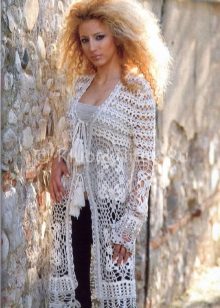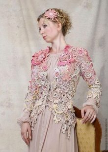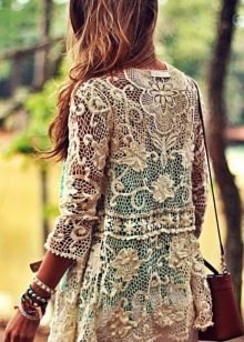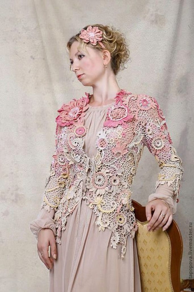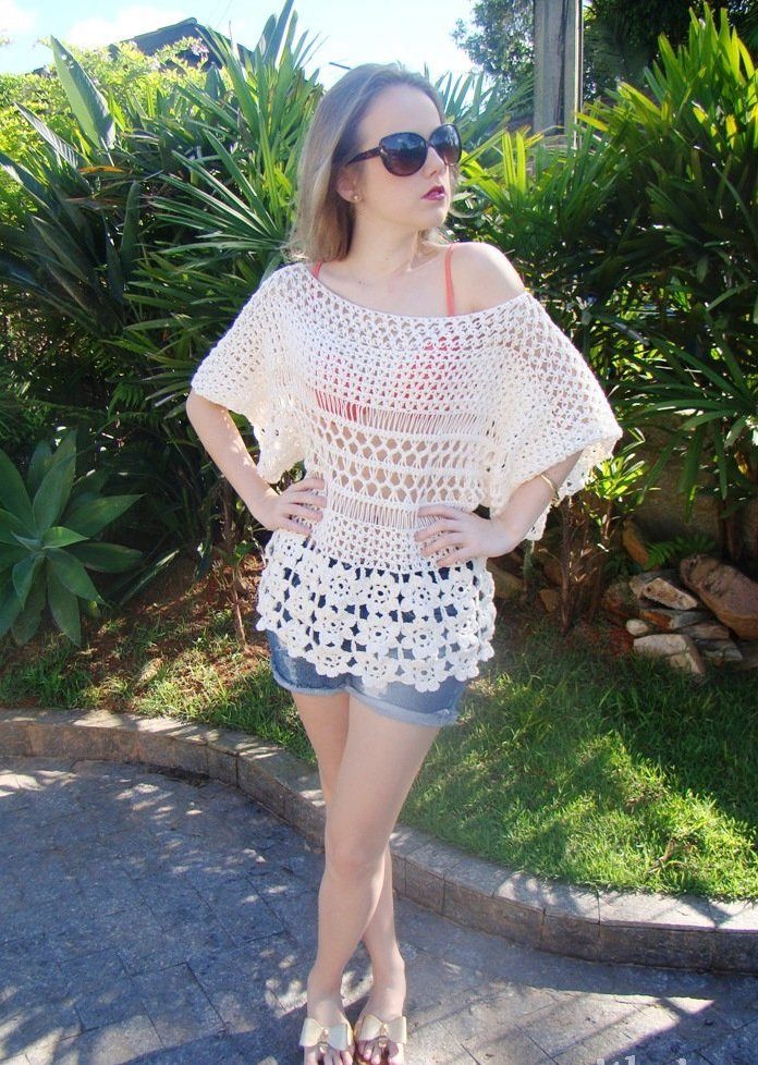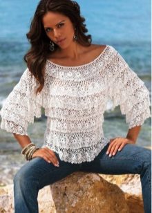Another popular knitting technique for creating summer sweaters is Irish lace. The elements of this blouse are knitted separately, and then connected into a single whole. Most often for an ornament flowers are chosen. Blouses can be monophonic or knitted from a yarn of several shades.
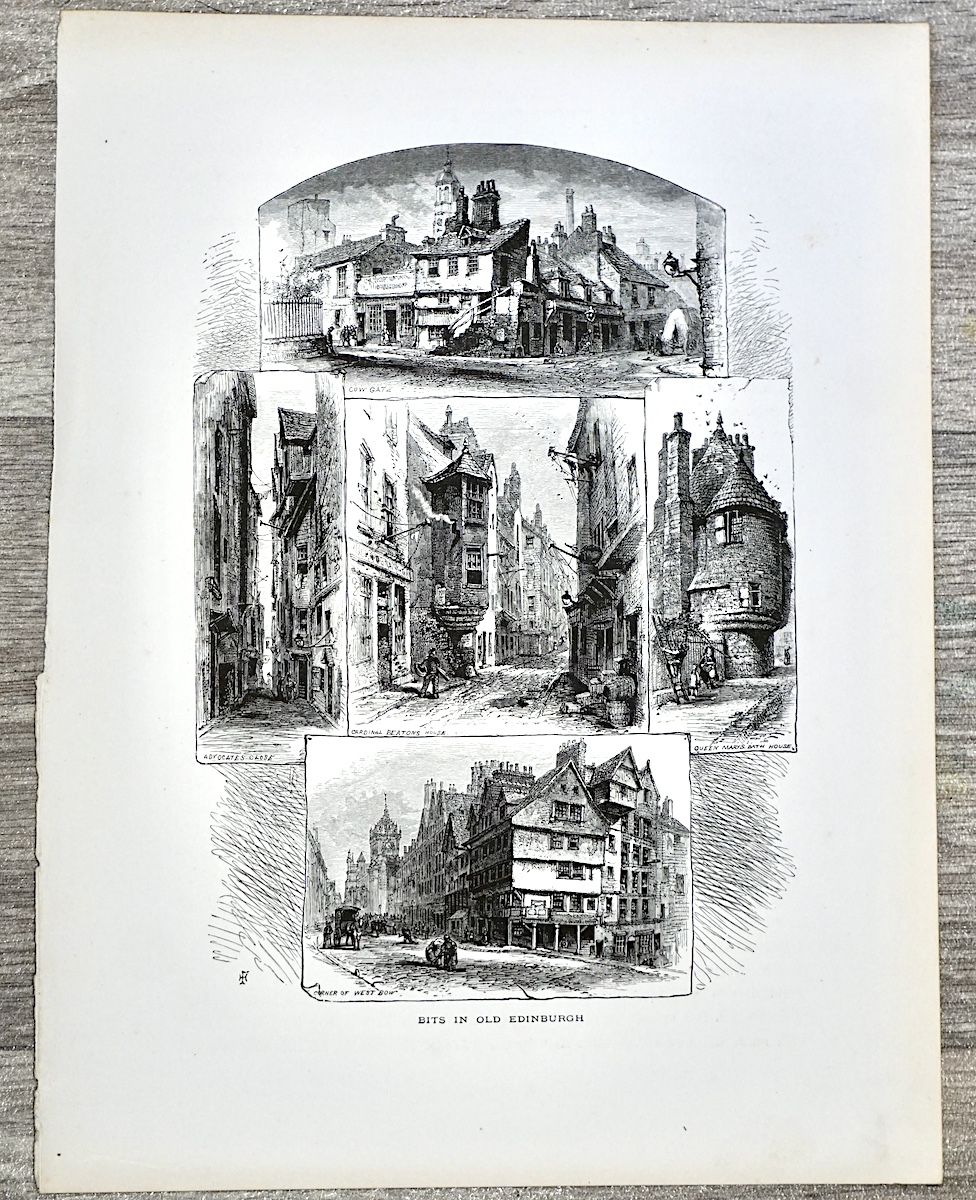 Vintage Print, bits on old Edinburgh, 1880, 31.7 x 24 cm.
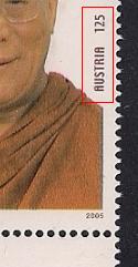 Die Nominalangabe meines Stückes, Dalai-Lama ohne Aufdruck Frankaturungültig befindet sich rechts oberhalb der Schulter des Dalai-Lama und trägt die Inschrift "AUSTRIA 125"
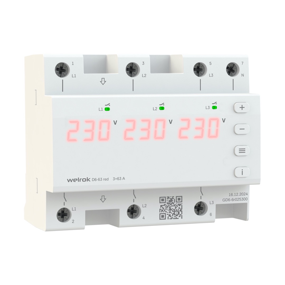 • Реле напряжения с контролем тока 3P+N KARAT, 3НО, 63А, 220В AC
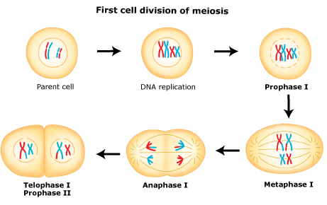 Also at this stage the chromosomes can exchange genetic material in a process called chromosomal crossover. The homologous chromosomes are then pulled apart into two new separate daughter cells, each containing half the number of chromosomes as the parent cell. Thus meiosis I is referred to as a reductional division. At the end of meiosis I, sister chromatids remain attached and may differ from one another if crossing-over occurred.

■ ■ ■ ■ ■

> _Exercise_
Looking at the records above, extract only the lines from the one with "Die Nominalangabe meines" through the last line, exactly, with the pictures left out.

> _Problem solution_
 Die Nominalangabe meines Stückes, Dalai-Lama ohne Aufdruck Frankaturungültig befindet sich rechts oberhalb der Schulter des Dalai-Lama und trägt die Inschrift "AUSTRIA 125"
 • Реле напряжения с контролем тока 3P+N KARAT, 3НО, 63А, 220В AC
 Also at this stage the chromosomes can exchange genetic material in a process called chromosomal crossover. The homologous chromosomes are then pulled apart into two new separate daughter cells, each containing half the number of chromosomes as the parent cell. Thus meiosis I is referred to as a reductional division. At the end of meiosis I, sister chromatids remain attached and may differ from one another if crossing-over occurred.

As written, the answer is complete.